Display Options Threshold/Breakthrough Mark All as Read Mark All as Unread
The Fine Print: The following comments are owned by whoever posted them. We are not responsible for them in any way.
  • (Score: 0) by Anonymous Coward on Thursday September 05 2019, @05:44AM (2 children)

    by Anonymous Coward on Thursday September 05 2019, @05:44AM (#889888)

    yes, woefully. i recommend looking out a window and start counting:
    numbers of cars
    numbers of solar panels

    the ratio is like 100 to 1, sure.
    just consider how the percent numbers would change if every household with one car had 5 solarpanels connected to grid also?
    you ask the correct question and the answer is obvious: people dont care. once enough people buy and love their electrical cars you can bet that tight electrical supplies will embrace more nuclear waste ... with window down and wind blowing thru hair.

  • (Score: 2) by The Shire on Thursday September 05 2019, @02:09PM (1 child)

    by The Shire (5824) on Thursday September 05 2019, @02:09PM (#890029)

    You are horribly

    • overestimating

    the power generated by solar panels even when then sun is unobscured and directly overhead. You are also woefully

    • underestimating

    the amount of electrical energy consumed by an electric vehicle.

    You would need at least 10 solar panels exposed to bright mid summer sunshine for a full day to get just 25 miles of range out of a Tesla 3. 25 miles. And only on sunny days. That might work great if you had space for 10 solar panels on your roof, the money to buy and maintain them, and limit yourself to trips to the grocery story. But if you try to use this as a daily driver you're going to come up way short.

    And the ironic thing is, solar traps heat from the sun far better than CO2 ever could. You're talking about paving every available space with black solar panels to meet the electrical needs of the nation. It's a giant heat conductor. Anyone who has tried to walk barefoot on black pavement on a mid summer day knows what I'm talking about. So if you have a concern for global warming then solar is not gonna help you.

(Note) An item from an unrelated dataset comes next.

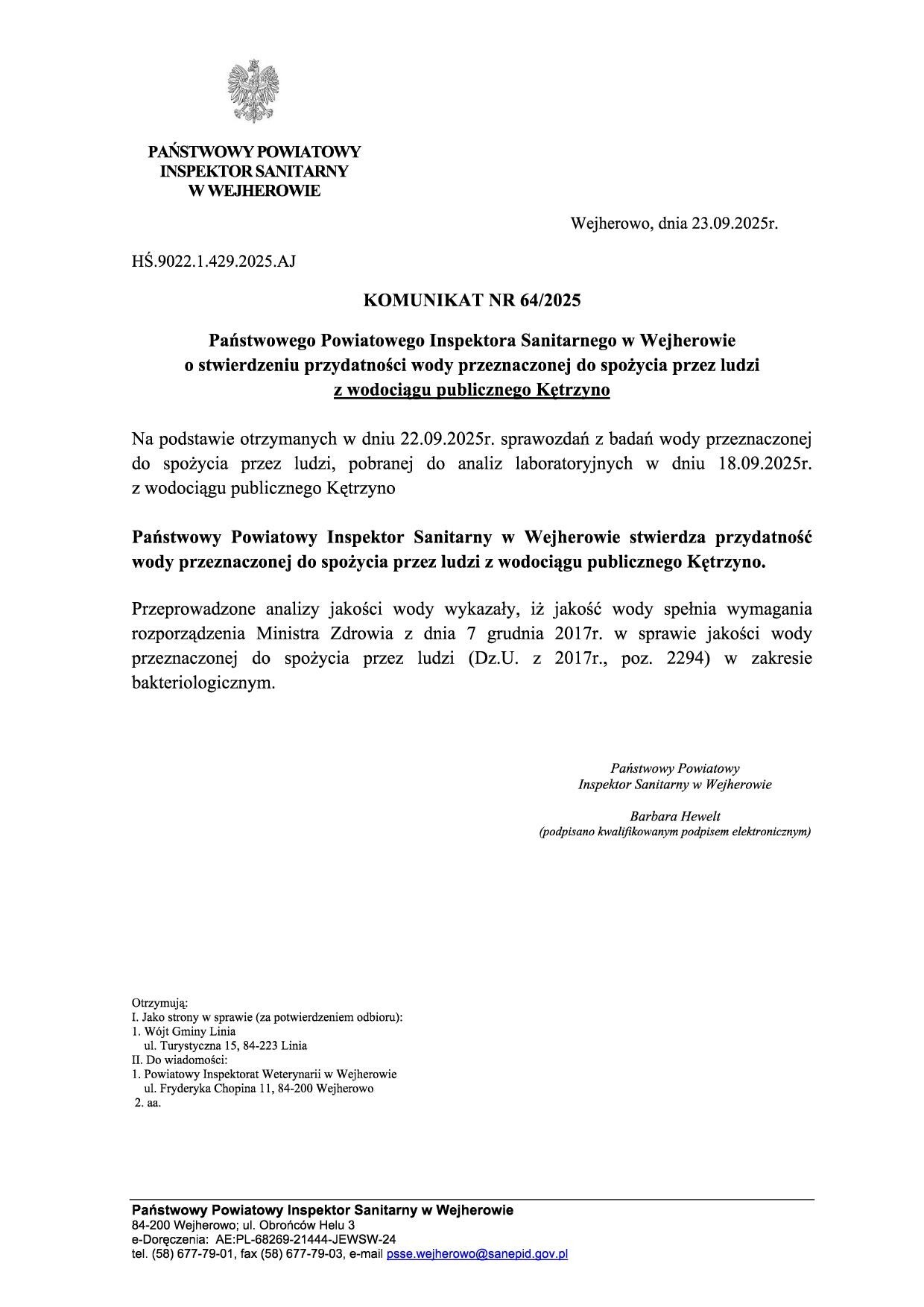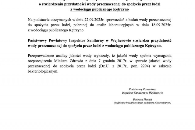 Państwowego Powiatowego Inspektora Sanitarnego w Wejherowie o stwierdzeniu przydatności wody przeznaczonej do spożycia przez ludzi z wodociągu publicznego Kętrzyno

    And here's one more fact that will blow your mind. A solar power plant capable of generating 1GW of power would require over 400 square kilometers of area. For comparison, that's about 3% of the entire state of Connecticut. Also for comparison, the modular Westinghouse AP1000 nuclear plant design requires a few hundred acres to generate that same 1GW and it can do it 24/7 whereas your solar plant falters at night and on cloudy days.

    Nuclear is the only answer today. Generation 3 reactors are incredibly safe, far safer than any other power generation method - and I'm including solar and wind in this. More people have died from solar and wind generation than in the history of nuclear. If not for the tree huggers and their irrational fear of nuclear, we would be CO2 free today. Yea you heard me - the hippies shot themselves in the foot on that one.

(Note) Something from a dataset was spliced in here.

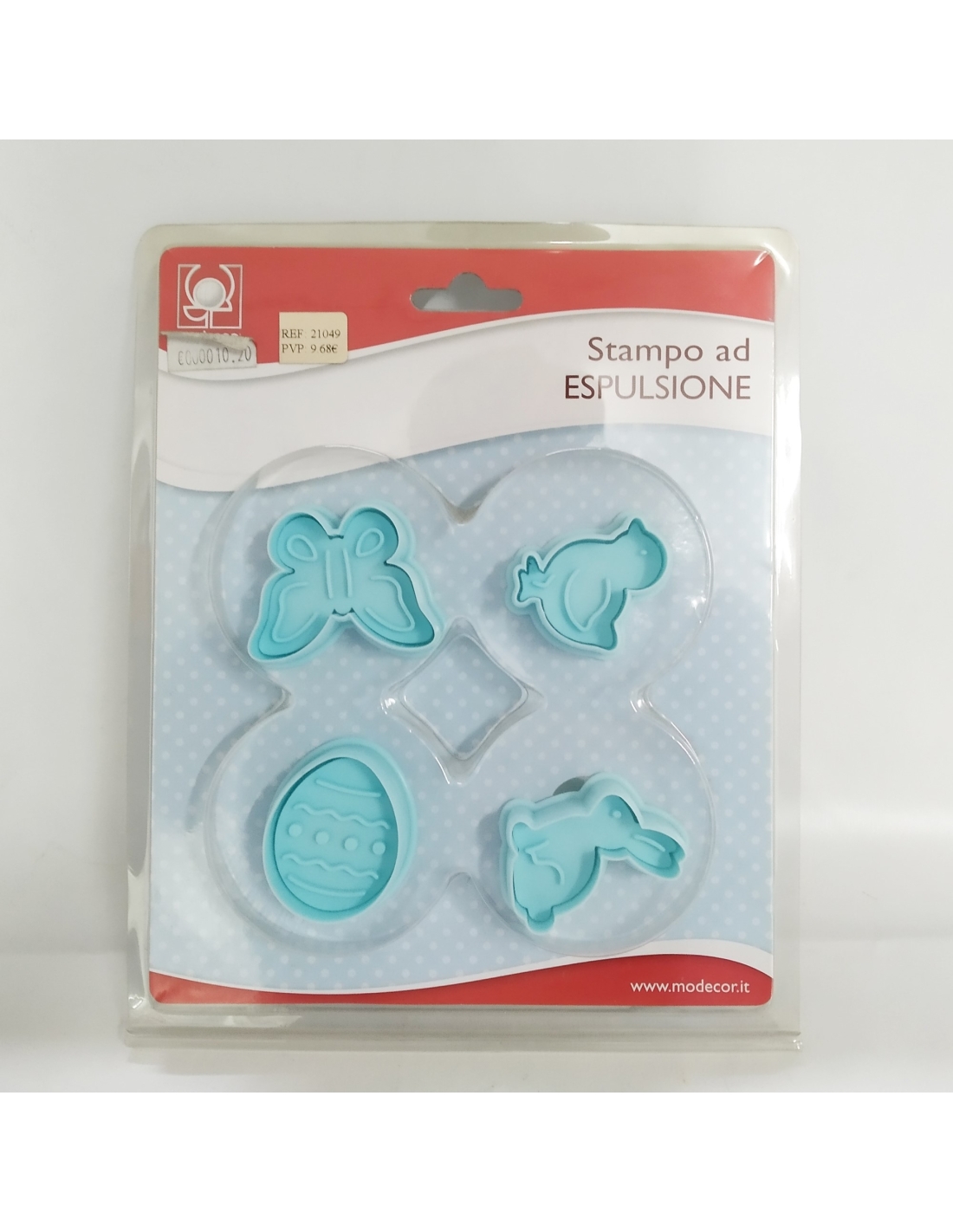 Conjunto de 4 moldes de expulsión de Pascua. El juego incluye 4 moldes de expulsión para hacer lindas galletas de Pascua. Con el mismo, además de cortar la masa de forma perfecta, también es posible imprimir en ella para facilitar la decoración con Fondant o Glaseado Real. Dimensiones: l3 / 5xh4 / 5 cm.

    https://www.nextbigfuture.com/2019/05/nuclear-is-still-cheaper-and-safer-than-solar-and-wind.html [nextbigfuture.com]

    • (Score: 3, Interesting) by Reziac on Friday September 06 2019, @04:38AM

      by Reziac (2489) on Friday September 06 2019, @04:38AM (#890393) Homepage

      I wonder what the heat footprint is of solar per acre? Not to mention that the facilities are scorched-earth.

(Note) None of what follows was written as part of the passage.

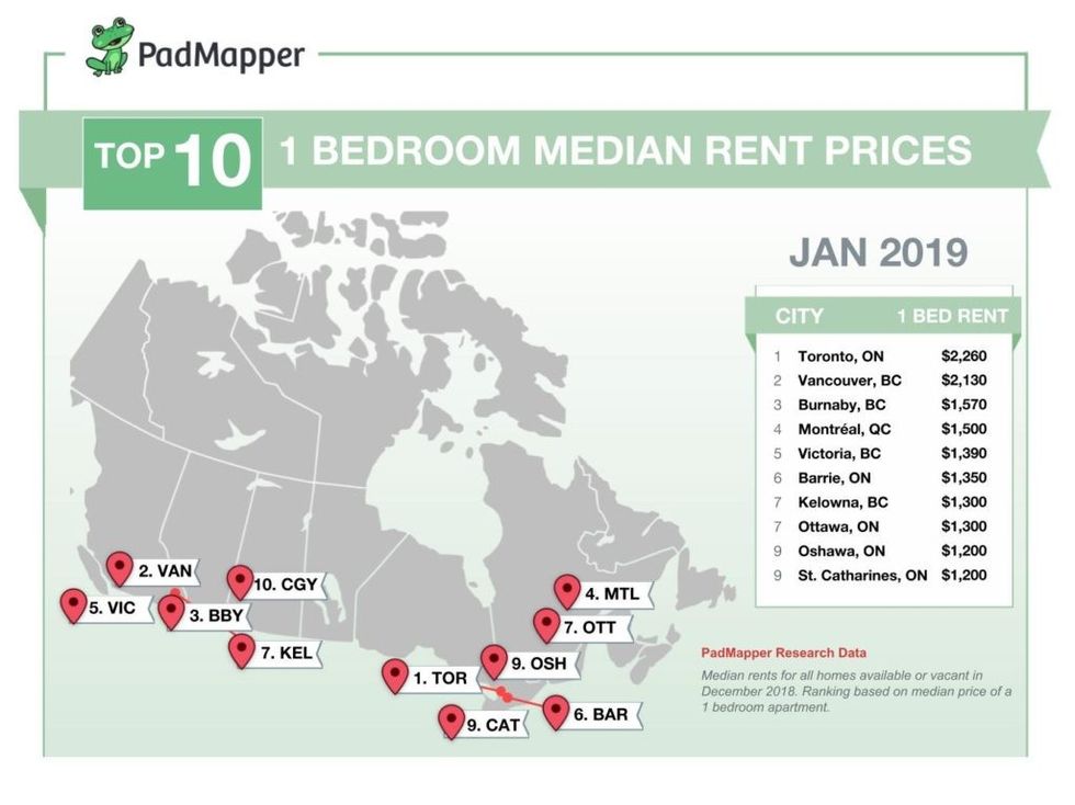 In Toronto, the average cost of rent for one and two bedroom units held steady at $2,260 and $2,850 respectively. Toronto is still the most expensive city in the country for renters.

      I used to live in the desert about 10 miles due downwind from one of those zillions-of-panels solar facilities. It must have made one hell of a heat column, because our normal summer-afternoon cooling completely disappeared, and as a result average nighttime temps went up about 10F degrees.

      Not to mention that it also made for a lot of blowing dust (not previously a big problem in that area).

      --
      And there is no Alkibiades to come back and save us from ourselves.